Today was my first off road triathlon since Xterra Indian Peaks in 2009. I used no technology during the entire race except the photo at the beginning. I forgot my watch at home.

Bike:
Unlike most off-road tris the Top Notch triathlon started with a bike. The bike was 6.5 miles and the first half was on a road and uphill! Then we turned onto some single track for about 3 miles. It was hard. My heart was beating through my chest but felt great on the short downhill.

Swim:
The swim in Echo Lake was glorious. The water was so clear and I could see a crawfish-like critter scatter around the bottom. I have only swam once in the last four months so I wasn’t really prepared to swim ½ mile but it was a great cool down after the bike. 

Run:
As soon as I exited the cool waters, I began the hike up Cannon Mountain. I thought it would be more runnable but it was not. I felt like it was good Hope-Pass-training; endless steep uphill. 

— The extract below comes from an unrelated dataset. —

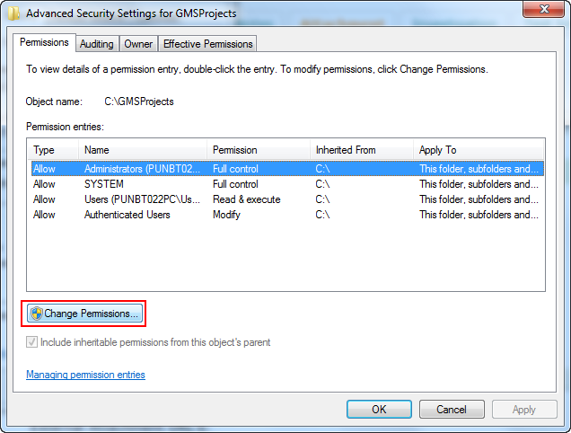 - In the Advanced Security Settings for [folder name] dialog box, click Change Permissions.
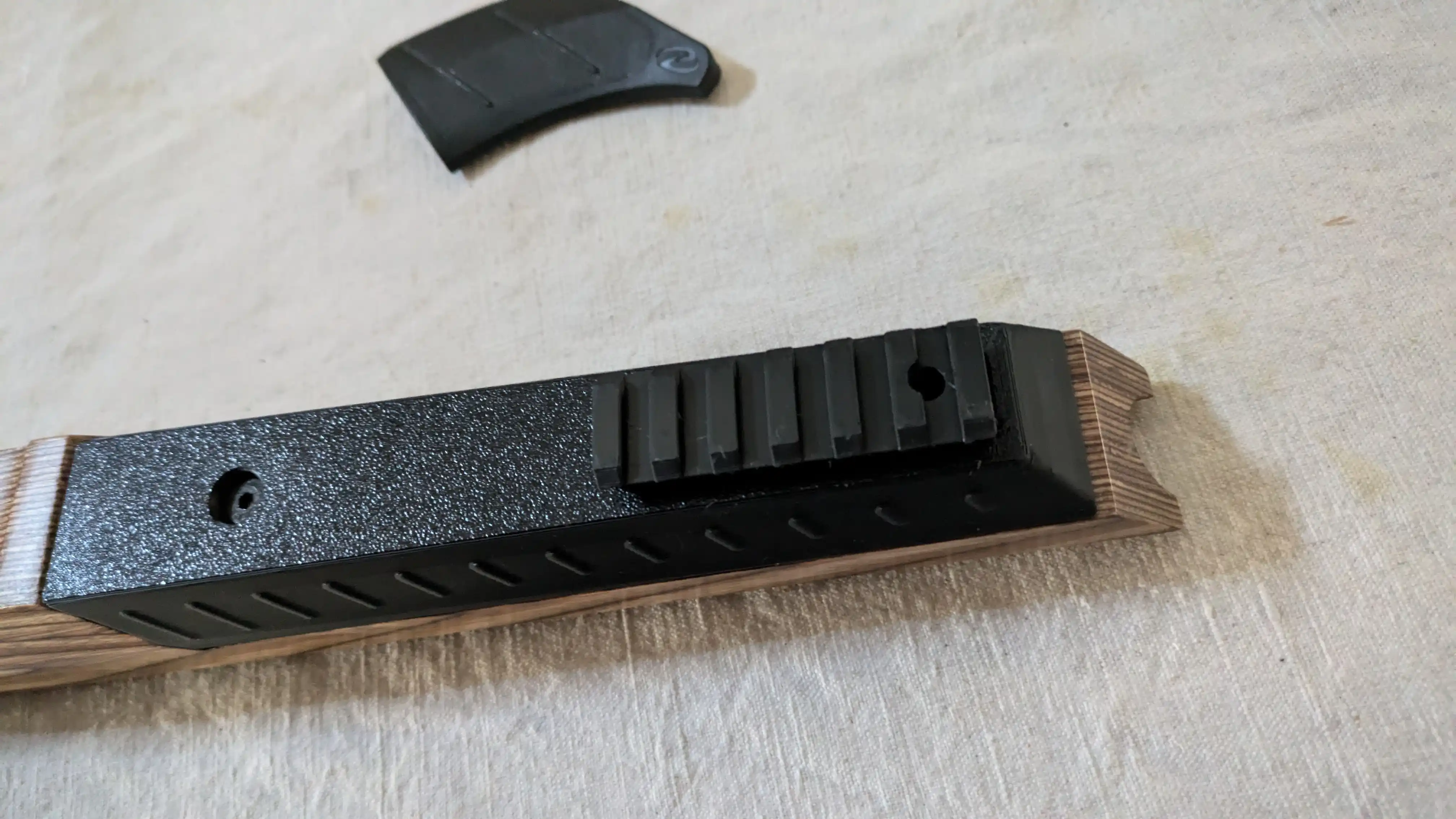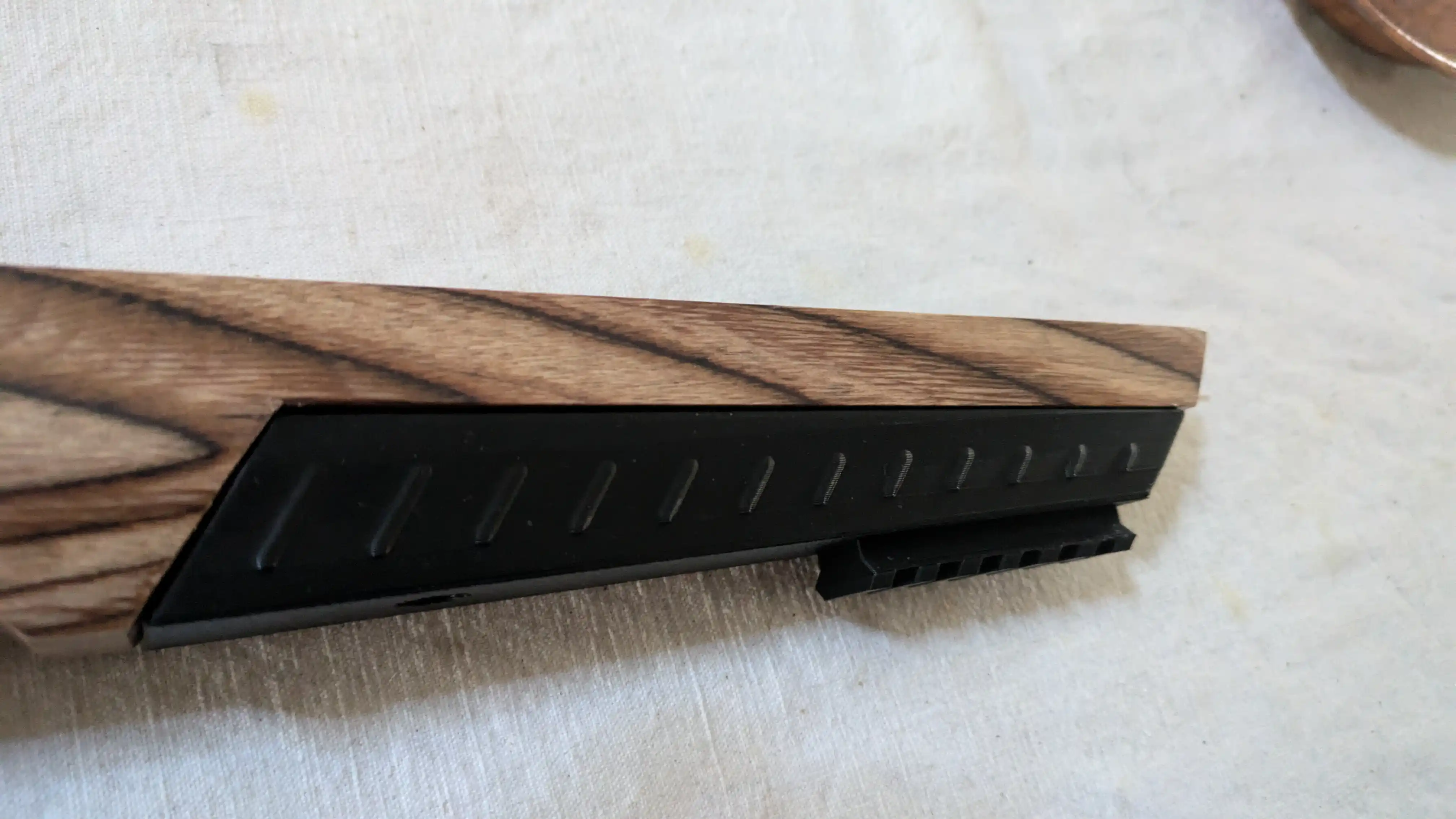 Conçu et fabriqué par nos soins, ce garde-mains est un composant modulaire qui remplace directement celui fourni avec la crosse Boyds AT-ONE. Dimensionnellement identique à l’original, il intègre une section de 6 fentes de rail Picatinny pour permettre la fixation d’un bipied ou de tout autre accessoire compatible.

At the top there were beautiful views of Franconia Notch where I hiked last weekend. Since I was in the self-supported Iron category (I completed all legs, instead of a relay), I had to figure out how to get back to my bike, then bike back to my car in the town of Franconia. So I took the Tram down, ran the trail by the lake to get to my bike and asked a few people along the way if I was heading the right way (I didn’t have my phone). Even with no phone I got back successfully. See we can make it through a race with out a phone. Seriously, a guy behind me was Facetiming someone. Luckily, the miles back to the car were downhill.

2nd in my age group, baby!

Such a fun, hard day. Tonight I’m hiking Kearsarge, hoping to get some nighttime hiking in and then a run tomorrow – then it’s taper time! 11 days until I leave for Colorado. 14 days to race day!